A slice object with labels, e.g. 'a':'f'. Warning Note that contrary to usual python slices, both the start and the stop are included A boolean array of the same length as the axis being sliced, e.g. [True, False, True]. An alignable boolean Series. The index of the key will be aligned before masking. An alignable Index. The Index of the returned selection will be the input. A callable function with one argument (the calling Series or DataFrame) and that returns valid output for indexing (one of the above) See more at Selection by Label. Raises
KeyError
If any items are not found. IndexingError
If an indexed key is passed and its index is unalignable to the frame index. See also DataFrame.at
Access a single value for a row/column label pair. DataFrame.iloc
Access group of rows and columns by integer position(s). DataFrame.xs
Returns a cross-section (row(s) or column(s)) from the Series/DataFrame. Series.loc
Access group of values using labels. Examples Getting values
>>> df = pd.DataFrame([[1, 2], [4, 5], [7, 8]],
... index=['cobra', 'viper', 'sidewinder'],
... columns=['max_speed', 'shield'])
>>> df
max_speed shield
cobra 1 2
viper 4 5
sidewinder 7 8
Single label. Note this returns the row as a Series.
>>> df.loc['viper']
max_speed 4
shield 5
Name: viper, dtype: int64
List of labels.
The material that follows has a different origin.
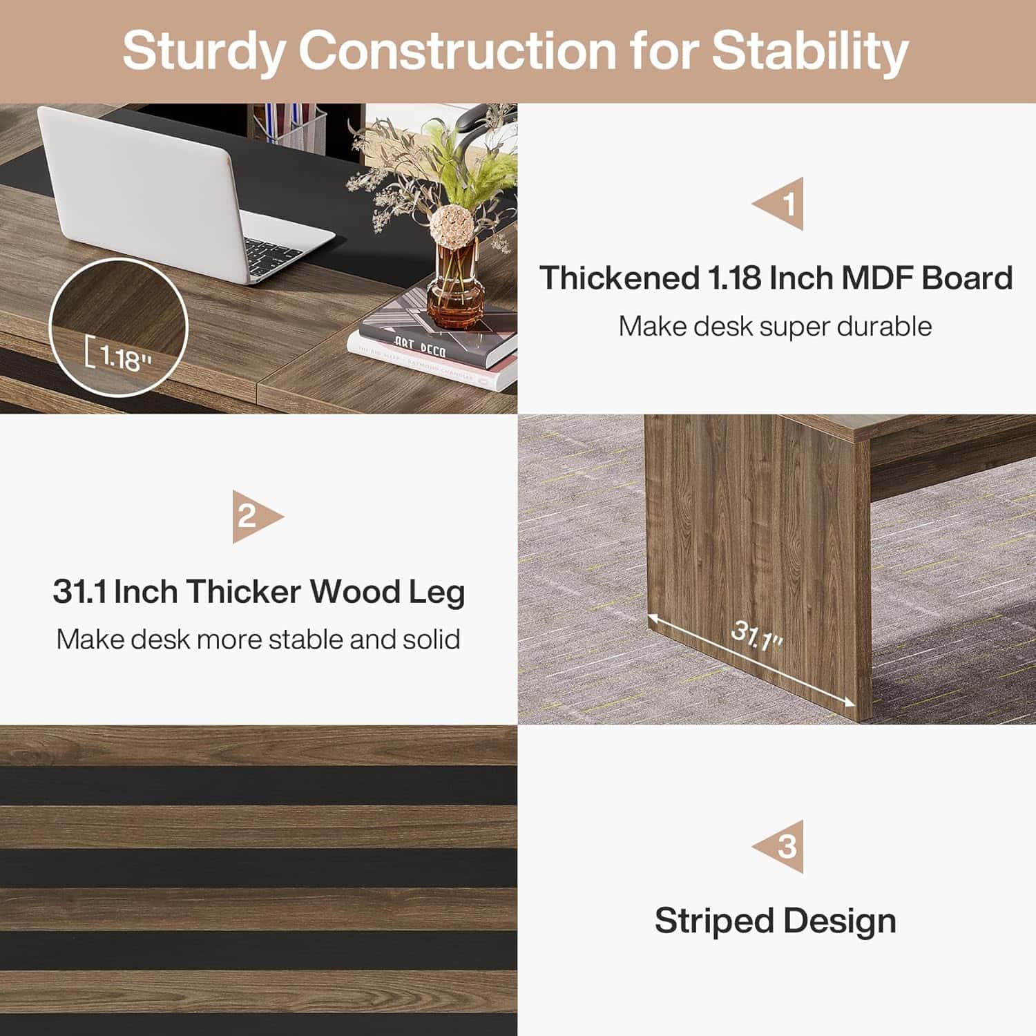 - Spacious Desktop: The 62.2″ wide and 31.3″ deep desktop provides ample room for dual monitors, printers, and workspace essentials, making multitasking a breeze.

Note using [[]] returns a DataFrame.
>>> df.loc[['viper', 'sidewinder']]
max_speed shield
viper 4 5
sidewinder 7 8
Single label for row and column
>>> df.loc['cobra', 'shield']
2
Slice with labels for row and single label for column. As mentioned above, note that both the start and stop of the slice are included.
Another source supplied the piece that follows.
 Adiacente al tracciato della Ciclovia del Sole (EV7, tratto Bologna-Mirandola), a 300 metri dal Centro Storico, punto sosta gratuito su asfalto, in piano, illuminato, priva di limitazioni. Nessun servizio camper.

>>> df.loc['cobra':'viper', 'max_speed']
cobra 1
viper 4
Name: max_speed, dtype: int64
Boolean list with the same length as the row axis
>>> df.loc[[False, False, True]]
max_speed shield
sidewinder 7 8
Alignable boolean Series:
>>> df.loc[pd.Series([False, True, False],
... index=['viper', 'sidewinder', 'cobra'])]
max_speed shield
sidewinder 7 8
Index (same behavior as df.reindex)
>>> df.loc[pd.Index(["cobra", "viper"], name="foo")]
max_speed shield
foo
cobra 1 2
viper 4 5
Conditional that returns a boolean Series
>>> df.loc[df['shield'] > 6]
max_speed shield
sidewinder 7 8
Conditional that returns a boolean Series with column labels specified
>>> df.loc[df['shield'] > 6, ['max_speed']]
max_speed
sidewinder 7
Callable that returns a boolean Series
>>> df.loc[lambda df: df['shield'] == 8]
max_speed shield
sidewinder 7 8
Setting values Set value for all items matching the list of labels
>>> df.loc[['viper', 'sidewinder'], ['shield']] = 50
>>> df
max_speed shield
cobra 1 2
viper 4 50
sidewinder 7 50
Set value for an entire row
>>> df.loc['cobra'] = 10
>>> df
max_speed shield
cobra 10 10
viper 4 50
sidewinder 7 50
Set value for an entire column
>>> df.loc[:, 'max_speed'] = 30
>>> df
max_speed shield
cobra 30 10
viper 30 50
sidewinder 30 50
Set value for rows matching callable condition
>>> df.loc[df['shield'] > 35] = 0
>>> df
max_speed shield
cobra 30 10
viper 0 0
sidewinder 0 0
Getting values on a DataFrame with an index that has integer labels Another example using integers for the index
>>> df = pd.DataFrame([[1, 2], [4, 5], [7, 8]],
... index=[7, 8, 9], columns=['max_speed', 'shield'])
>>> df
max_speed shield
7 1 2
8 4 5
9 7 8
Slice with integer labels for rows. As mentioned above, note that both the start and stop of the slice are included.
>>> df.loc[7:9]
max_speed shield
7 1 2
8 4 5
9 7 8
Getting values with a MultiIndex A number of examples using a DataFrame with a MultiIndex
>>> tuples = [
... ('cobra', 'mark i'), ('cobra', 'mark ii'),
... ('sidewinder', 'mark i'), ('sidewinder', 'mark ii'),
... ('viper', 'mark ii'), ('viper', 'mark iii')
... ]
>>> index = pd.MultiIndex.from_tuples(tuples)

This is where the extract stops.